Immunohistochemistry against BrdU requires loosening of the tight DNA structure to allow the BrdU antibody to bind to its antigen. Therefore, we pre-treated the sections with 2 N HCl for 10 min at 37°C. For neutralization, sections were afterwards incubated in 0.1 M borate buffer for 10 min at RT and rinsed three times in 1× PBS. Fluorescent staining for the BrdU antibody was performed as described above.
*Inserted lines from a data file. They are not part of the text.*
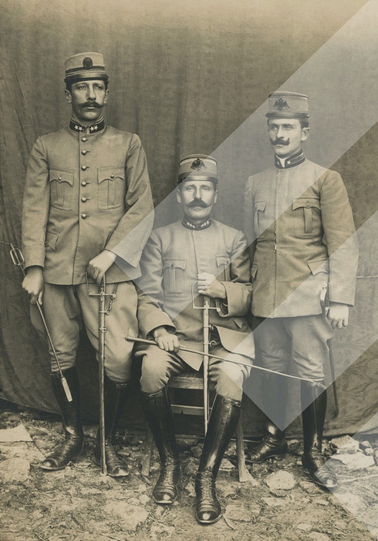 I panjohur 1912, Oficerë shqiptarë me uniformën e re të vitit 1912. Nga e majta Sali Ohri, Rexhep Shala, i paidentifikuar, print në letër, 10 x 15 cm.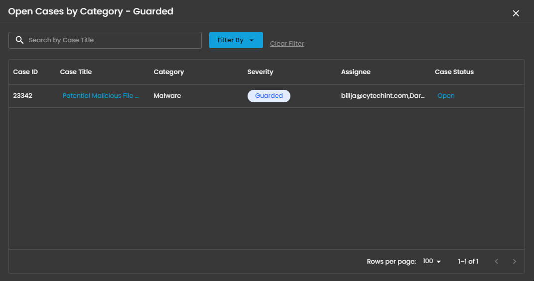 When you click on a category, you will see all the cases that fall under that severity level. For example, as shown in the image above, selecting the “Guarded Severity” category will display all cases labeled as guarded severity.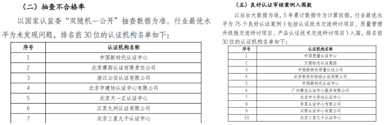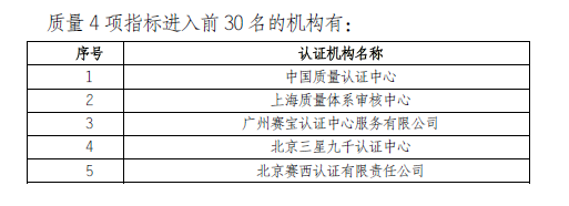 六類評(píng)價(jià)中,質(zhì)量指標(biāo)是核心,北京三星九千認(rèn)證中心(以下簡(jiǎn)稱三星九千)在衡量認(rèn)證機(jī)構(gòu)認(rèn)證質(zhì)量5項(xiàng)指標(biāo)中,有4項(xiàng)指標(biāo)——抽查不合格率(行業(yè)最優(yōu)水平為未發(fā)現(xiàn)問(wèn)題)、注冊(cè)認(rèn)證人員充分率、良好認(rèn)證審核案例入圍數(shù)、投訴率(行業(yè)最優(yōu)水平為零投訴)排名前列。其它類指標(biāo)中,還在主持/參與編制的國(guó)標(biāo)行標(biāo)數(shù)、參與政府部門(mén)和認(rèn)證行業(yè)及相關(guān)管理部門(mén)的項(xiàng)目數(shù)、核心期刊發(fā)表論文數(shù)、誠(chéng)信信息等創(chuàng)新、信譽(yù)、品牌類指標(biāo)排名領(lǐng)先。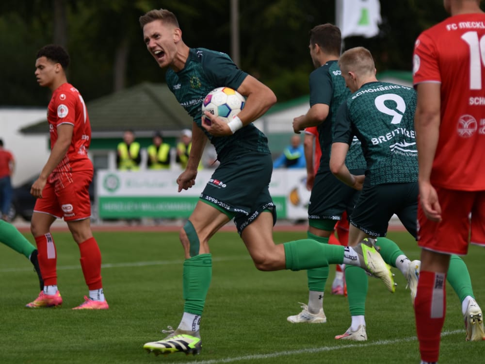 Bei spätsommerlichen Bedingungen empfingen die Maurine-Kicker aus Schönberg den FC Mecklenburg Schwerin im Palmberg-Stadion. Die rund 200 Zuschauer sahen ein temporeiches, intensives Verbandsligaduell, das die Gäste aus der Landeshauptstadt am Ende mit 3:1 für sich entschieden. Bereits nach fünf gespielten Minuten war dabei der Matchplan von FC95-Trainer Somodi schon ein erstes Mal über den Haufen geworfen. Ein Schuss von Mecklenburgs Kapitän Nico Zapel war laut dem Schiedsrichter-Team bei seinem Schuss mit vollem Umfang über der Linie, eine zumindest fragwürdige Entscheidung. Schönberg brauchte einige Minuten, um ins Spiel zu finden, stemmte sich dann aber mit viel Kampfgeist gegen den Rückstand. Trotz einiger guter Ansätze vor dem gegnerischen Tor fehlte es jedoch an der letzten Konsequenz im Abschluss, sodass es mit dem knappen 0:1 in die Kabinen ging. Nach dem Seitenwechsel nahm das Spiel noch einmal deutlich an Fahrt auf, aber erste Annäherungsversuche von Marco Bode und Salyvan Schmidt fanden ihr Ziel zum Ausgleich noch nicht. In der 55. Minute erhöhte Temilola Samuel Awoyale für Mecklenburg Schwerin auf 0:2. Doch die Maurine-Kicker antworteten prompt: Nur vier Minuten später brachte Tom Jurga die Hausherren mit seinem Anschlusstreffer wieder zurück ins Spiel. Die Partie war nun völlig offen, da die Gäste aus Mecklenburg kurz vor dem Anschlusstreffer durch ein wiederholtes Foulspiel Verteidiger Jan Lachnitt verloren. Die Gastgeber versuchten jetzt alles, um das Spiel auf ihre Seite zu ziehen, aber Chancen von Tom Jurga, Salyvan Schmidt und Jannes Kanzog fanden ihren Meister entweder in Gästekeeper Ethan Patrick Kennedy oder verfehlten ihr Ziel nur knapp. Mecklenburg Schwerin verteidigte leidenschaftlich und setzte weiter gefährliche Nadelstiche. In der 79. Minute sorgte schließlich Kyouyoung Chu mit dem Treffer zum 1:3 für die Vorentscheidung. Der Angreifer vollendete einen schnellen Angriff eiskalt und stellte damit den alten Zwei-Tore-Abstand wieder her. Zu allem Überfluss verloren die Westmecklenburger dann auch noch Salyvan Schmidt, der innerhalb weniger Sekunden die Gelbe und die Gelb-Rote Karte von Schiedsrichter Philipp Tautenhahn erhielt. Nach 90 umkämpften Minuten blieb es beim 1:3 aus Sicht der Maurine-Kicker. Während Mecklenburg Schwerin den nicht komplett unverdienten Auswärtssieg feierte, haderte Schönberg mit der verpassten Chance, nach der Schweriner Unterzahl die Partie noch einmal komplett zu drehen und sich zumindest mit einem Punkt zu belohnen.

Importantly, if BrdU immunohistochemistry was combined with other markers, their antibody stainings have to be finished before the sections were treated with HCl and borate buffer.
To better visualize the GFP reporter in slices of NestinCreERT2; GFP mice, we used an additional signal amplification step. After incubation with the primary antibody against GFP, a biotinylated secondary antibody (1:400; Vector Laboratories) was incubated at 4°C overnight. After removal, the sections were rinsed 3 times for 15 min with 1× PBS at RT, followed by incubation of a fluorophore-conjugated streptavidin (1:400; Invitrogen) in blocking solution overnight at 4°C. The staining procedure was finished as described above.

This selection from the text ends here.